CaImAn Spike Extraction¶
This tool uses 0.5 compute credits per hour.
Overview¶
The CaImAn spike extraction tool infers and extracts neural spikes and biosensor kinetics (e.g. GCaMP activity) from noisy calcium imaging fluorescent time-series data using constrained deconvolution1 as implemented in the open-source package CaImAn2.
Inputs¶
The workflow supports individual cell sets and cell set series. When a cell set series is provided, each cell set will be processed independently and the number of output files will match the number of input files.
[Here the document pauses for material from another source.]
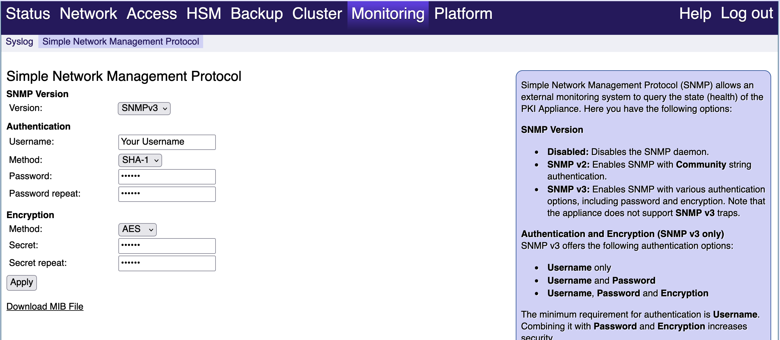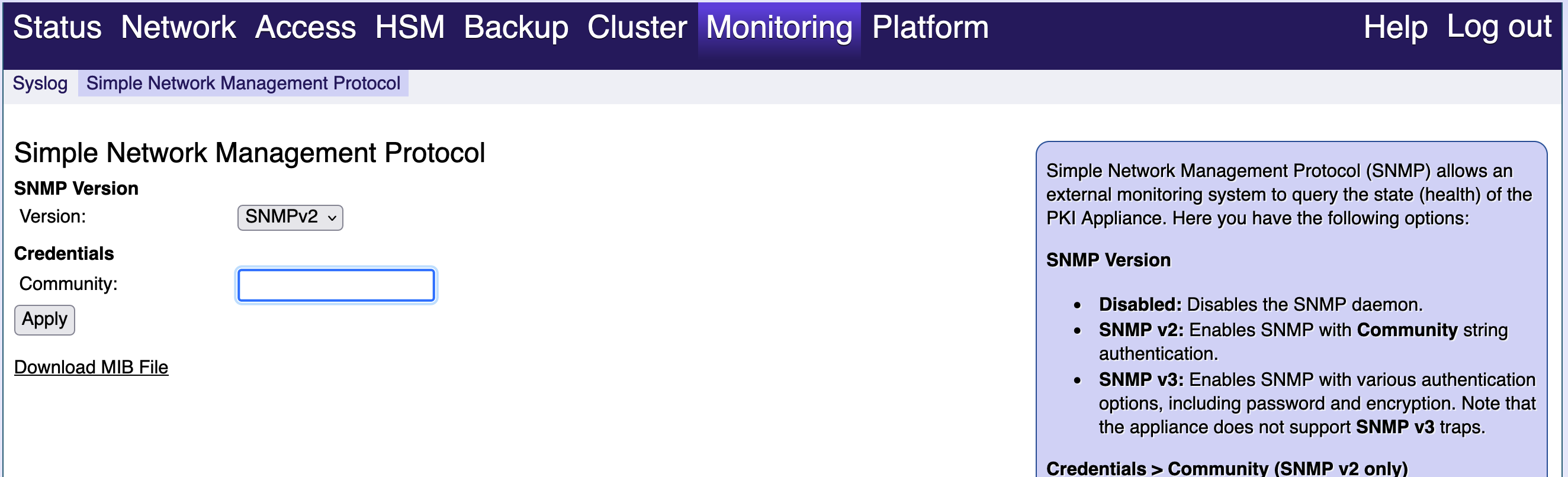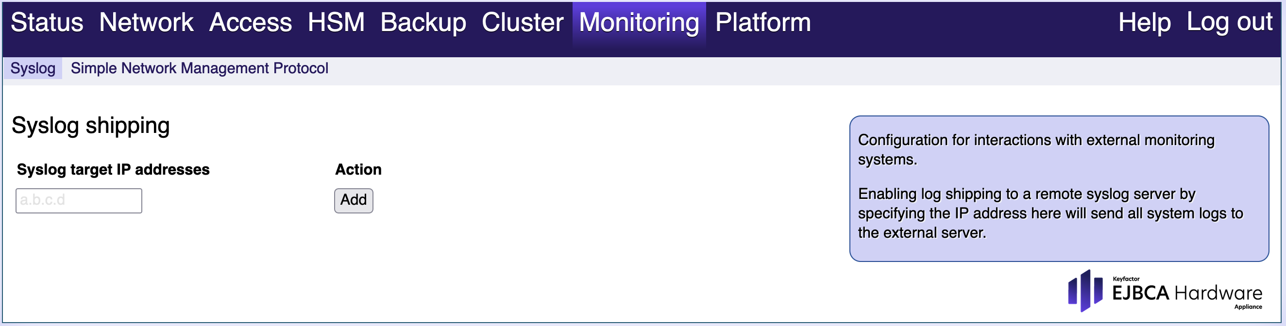Use this tab to configure interactions with external monitoring systems. Here you can specify a syslog server to which the syslog of Hardware Appliance should be sent. The syslog of the Hardware Appliance contains the syslog of all internal systems as well as the EJBCA audit log. The syslog will be shipped by UDP in unencrypted, unsigned traffic.
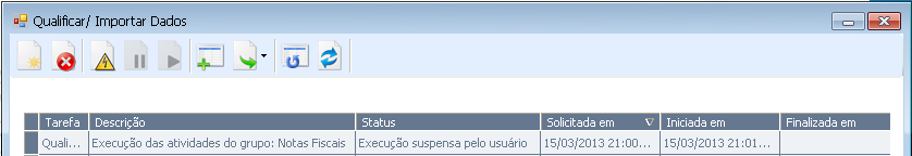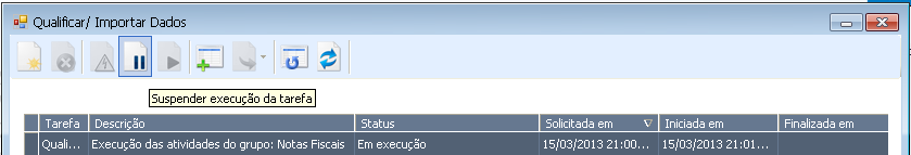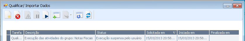 Caso esse processo esteja sendo executado pela opção 'Importação Avançada', então a próxima origem que for executada após solicitar o suspender não será executada, a tarefa será suspensa. Como exemplo:

The input files and processing parameters are listed in the table below.
Parameters¶
Parameter | Required? | Default | Description |
---|---|---|---|
Cell Set(s) | True | N/A | Single cell set or cell set series |
bl | False | auto | Fluorescence baseline value. If set to 'auto', it will be estimated from the data. |
c1 | False | auto | Value of calcium at time 0. If set to 'auto', it will be set based on the data. |
g | False | auto | Parameters of the autoregressive process that models the fluorescence impulse response. The parameters should be specified as comma-separated value (e.g. 5,10). If set to 'auto', it will be estimated from the data. |
sn | False | auto | Standard deviation of the noise distribution. If set to 'auto', it will be estimated from the data. |
p | False | 1 | Order of the autoregressive model used to deconvolve the indicator temporal dynamics |
method_deconvolution | False | oasis | Method for solving the constrained deconvolution of temporal traces |
bas_nonneg | False | True | If True, a non-negative baseline will be used. If False, the baseline will be greater than or equal to the minimum value, which could be negative. |
noise_method | False | logmexp | Power spectrum averaging method used for noise estimation |
noise_range | False | 0.25,0.5 | Range of normalized frequencies over which to compute the power spectrum for noise estimation. The range should be specified as 'fmin,fmax', where fmin and fmax refer to the minimum and maximum of the normalized frequency range to use (e.g.: 0.25,0.5). |
s_min | False | N/A | Minimum spike threshold amplitude. For negative values the threshold is abs(s_min) * sn * sqrt(1-g). If unspecified, the standard L1 penalty is used. If set to 0, the threshold is determined automatically such that RSS <= sn^2 T. |
optimize_g | True | False | If True, the time constants will be optimized. This applies only to the 'oasis' deconvolution method. |
fudge_factor | False | 0.96 | Bias correction factor for the discrete time constants |
lags | False | 5 | Number of lags for estimating the time constants of the autoregressive model. This should be an integer between 1 and the number of timepoints in the data. |
solvers | False | ECOS,SCS | Primary and secondary solvers to use with the 'cvxpy' deconvolution method. This should be specified as 'solver1,solver2', where solver1 and solver1 refer to the primary and secondary solvers (e.g.: ECOS,SCS). The solvers should be one of the following values: 'ECOS', 'SCS', and 'CVXOPT'. |
Outputs¶
The workflow will produce the outputs listed below.
Denoised Cell Set(s)¶
isxd
cell set(s) containing the spatial footprints and denoised temporal traces.

Spike Event Set(s)¶
isxd
event set(s) containing the neural events identified by CaImAn.